In combination with a β-glucosidase, the spectrophotometrical assay can reliably quantify the specific C1- oxidation product of LPMOs acting on cellulose. It is applicable for a pure cellulose model substrate as well as lignocellulosic biomass. The enzymatic assay compares well with the quantification performed by HPAEC-PAD. In addition, we show that simple boiling is not sufficient to inactivate LPMOs and we suggest to apply a metal chelator in addition to boiling or to drastically increase pH for proper inactivation.
We conclude that the versatility of this simple enzymatic assay makes it useful in a wide range of experiments in basic and applied LPMO research and without the need for expensive instrumentation, e.g. HPAEC-PAD.
KeywordsLytic polysaccharide monooxygenase (LPMO) Biomass degradation Quantification assay LPMO inactivation Cellulose oxidation Gluconic acid
Since their discovery, Lytic polysaccharide monooxygenases (LPMOs) have received considerable interest, due to their ability to boost the degradation of lignocellulose (Vaaje-Kolstad et al. 2010; Horn et al. 2012). LPMOs are mono-copper enzymes with the active site positioned on a relatively flat surface enabling them to interact with crystalline polysaccharides.

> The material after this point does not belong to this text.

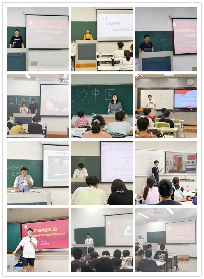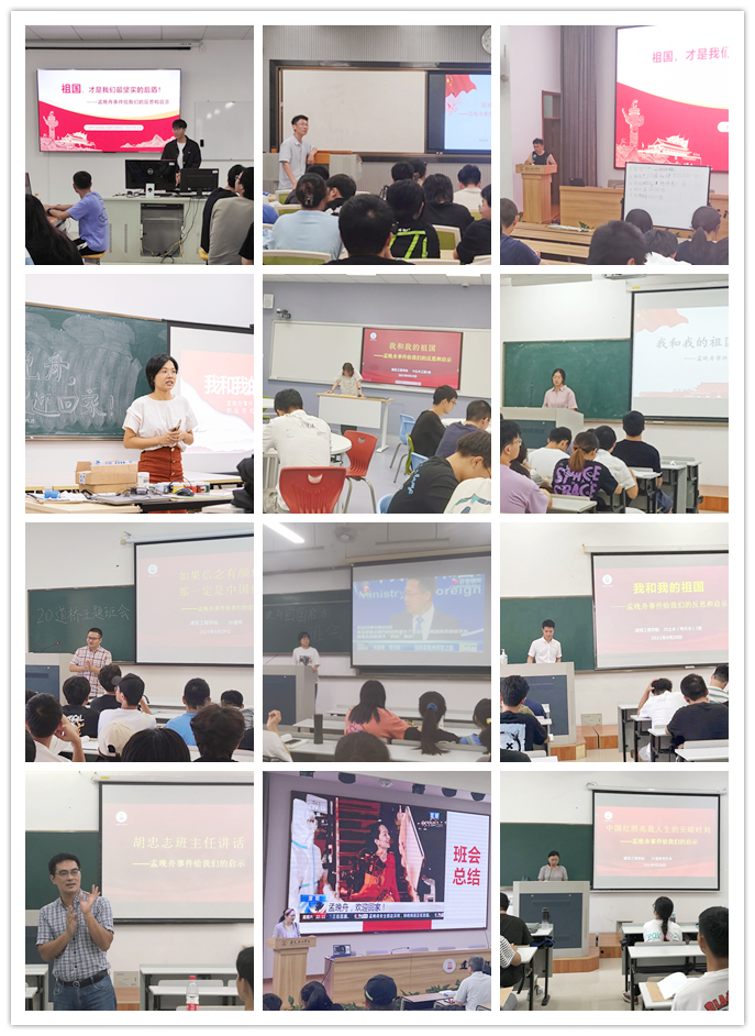 孟晚舟事件是加强师生爱国主义教育、社会主义核心价值观教育、励志教育、奋斗精神教育、专业成才教育的生动教材。通过召开主题班会,建工师生接受了一次思想精神的洗礼,进一步激励大家的家国情怀,感受祖国的日益强大,坚定中华民族伟大复兴的中国梦一定能实现,坚信没有任何力量能够阻挡中国前进的步伐。

The catalytic mechanism of LPMOs involves the reduction of the copper from Cu(II) to Cu(I) by an external reducing agent. Hereafter, the copper-active site of the LPMO reacts with either O2 or H2O2 (Walton and Davies 2016; Bissaro et al. 2017) and binds an activated oxygen species that enables the oxidation of the polysaccharide substrate. The oxidative cleavage of the β-1,4 glycosidic bonds can occur at the C1 or the C4 position or both, generating oxidized products, both soluble and insoluble (Quinlan et al. 2011). The soluble products are commonly detected by anion exchange chromatography coupled to a pulsed amperometric detector (HPAEC-PAD) (Westereng et al. 2013). It offers high sensitivity and provides detailed information about the product pattern but its limitations are the absence of commercially available reference compounds, time-consuming sample analysis, and costly instrumentation.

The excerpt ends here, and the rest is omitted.